We want to minimize the sse of the regression referenced in the program using a grid of
points on the unknown parameters beta10 to beta40. Again, if you find a program that
yield a result to this nonlinear regression, you may use it.
The optimal scenario is the one where beta10 is close to 0.67.
You can modify the program, improve on it, as long as you do not change the problem at
hand. It is a simplified version of a program I am running on my computer.

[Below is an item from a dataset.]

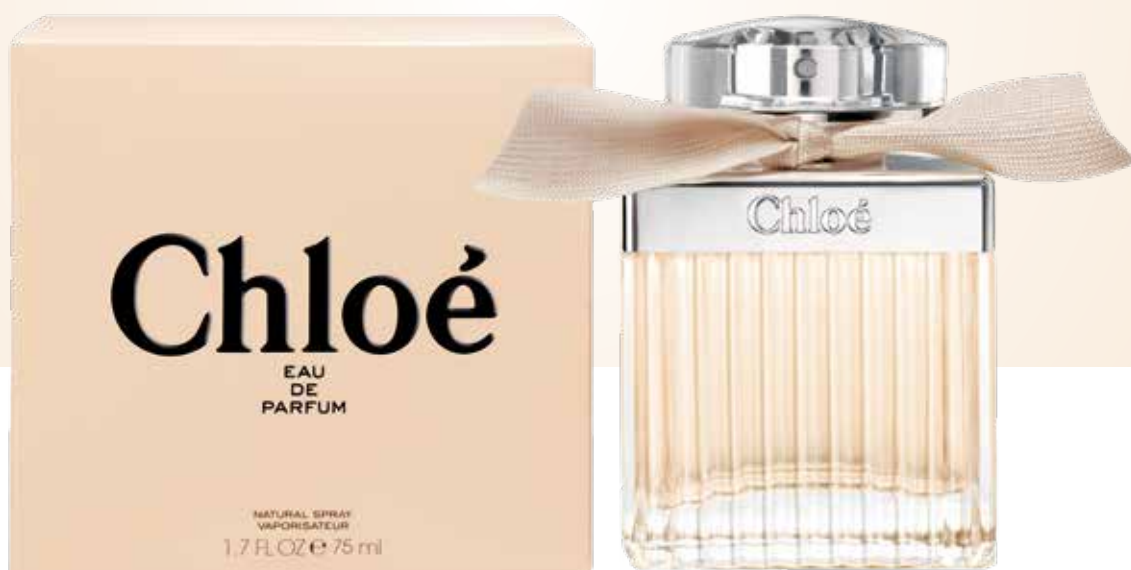
23 | CHLOÉ Signature EDP 75ml

A sublime rose fragrance. At the heart of the Eau de Parfum, the Chloé rose: dazzling and delicate. A velvety bouquet interlacing floral notes of magnolia and honeyed accents of amber. The luxurious pleated glass bottle is crowned with a silver plate and enlaced with the iconic beige ribbon. A new addictive way to wear Chloé. Feminine. Natural. Chic.

I just cannot
seem to make it converge to anything.
try the initial grid suggested in the program, then adapt as you get results. Be careful
not to narrow it down too fast. This function has lots of minima, you may miss the
solution. beta10 should definitely be less than 1.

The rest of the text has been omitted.